One dose will also have to last a long time, although a one-shot lifetime cure is probably too much to expect. “I don’t think it’s resolved how long we need it to last,” says BioMarin’s Carter.
If it succeeds on all those fronts, BioMarin’s gene therapy will make a good economic case in hemophilia, despite a likely sticker stock-inducing price tag.
So far, it’s more a learning experience than an investable moment. The responses to BMRN-270 vary at this point, for instance. Two patients who are seven weeks out are producing 4 and 8 percent of normal Factor VIII, while another patient is producing 21 percent after six weeks.
Carter says so far that there appears to be a spike in Factor VIII expression around nine weeks after treatment, which means BioMarin’s numbers could look better soon. Still, it’s an unknown. “The only way we can really assess the variability is to follow all of these people out longer,” he says.
The trial’s lead investigator John Pasi, a professor at Barts and The London School of Medicine and Dentistry, says all six patients on high doses have been off preventative treatment since achieving “measurable” levels of Factor VIII. One of those patients had a bleed early on in the trial, but that was before the gene therapy kicked in, he said.
Like other companies developing gene therapies for hemophilia, BioMarin is reporting a rise in patients’ liver enzyme levels, a sign of an immune system response to the treatment.

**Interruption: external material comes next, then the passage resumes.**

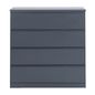 Cômoda em MDP (Medium Density Particleboard) de 15 mm e 25 mm com acabamento em pintura. Possui 4 gavetas com corrediças telescópicas e sapatas plásticas.
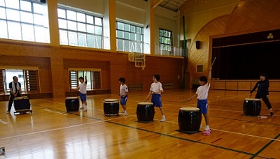5・6年生が、あじさい祭りで披露する高洲太鼓の練習に取り組んでいます。今年は、4人と少人数ですが、元気に練習に励んでいます。

The potential problem is alleviated with steroids, but it’s worth watching going forward. In BioMarin’s trial, according to Pasi, steroids haven’t temporarily caused the expression of the clotting factor to drop, as they have in some other hemophilia B studies.

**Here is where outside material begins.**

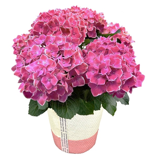 濃いピンクの花弁を縁どる白が印象的なあじさい。花弁の持ちが長く、咲き進むにつれて色変化も楽しめます。
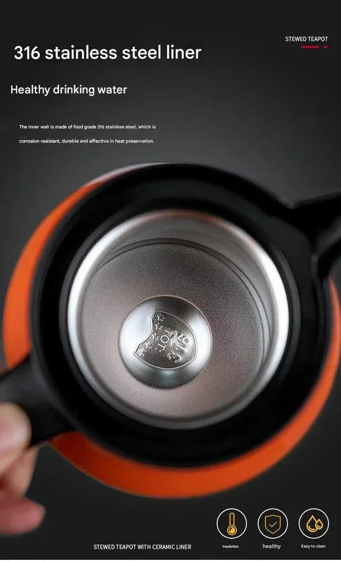 Elevate your tea and coffee experience with this 316 Stainless Steel Stewed Teapot. Designed for both home and office use, this teapot features a high-quality 316 stainless steel interior with a ceramic lining, ensuring excellent heat retention and durability. The integrated infuser allows for easy tea brewing with a tea-water separation design, preventing over-steeping and delivering the perfect flavor. With a capacity of 1000ml, it is ideal for serving multiple cups, making it perfect for family gatherings or office meetings.

Biomedical researchers and drug developers have wrestled for decades to turn gene therapy—a method of using viruses to shuttle genetic fixes into patients—into a weapon against hemophilia, as I wrote last year.
But the technology has advanced faster for hemophilia B and its smaller population than hemophilia A. Researchers at St. Jude Children’s Research Hospital in Memphis, TN, and University College London published a study in the New England Journal of Medicine in 2011 that many consider proof that the method can work. Baxalta and UniQure (NASDAQ: QURE) have already produced early clinical data in hemophilia B, and several others like Spark Therapeutics (NASDAQ: ONCE) and Dimension Therapeutics (NASDAQ: DMTX) are following closely behind.
Hemophilia A has been a tougher challenge because the gene for the Factor VIII protein is larger than the gene for Factor IX, the protein that hemophilia B patients lack. The larger the gene, the harder it is to pack into a virus and deliver to patients. Carter says BioMarin has taken out part of the gene to make it small enough to fit. So far, that’s given BioMarin the chance to be the first to the finish line with a gene therapy in hemophilia A. No one else has reached clinical testing.
“It’s a really steep learning curve,” Pasi says. “But it’s a very exciting learning curve to be on.”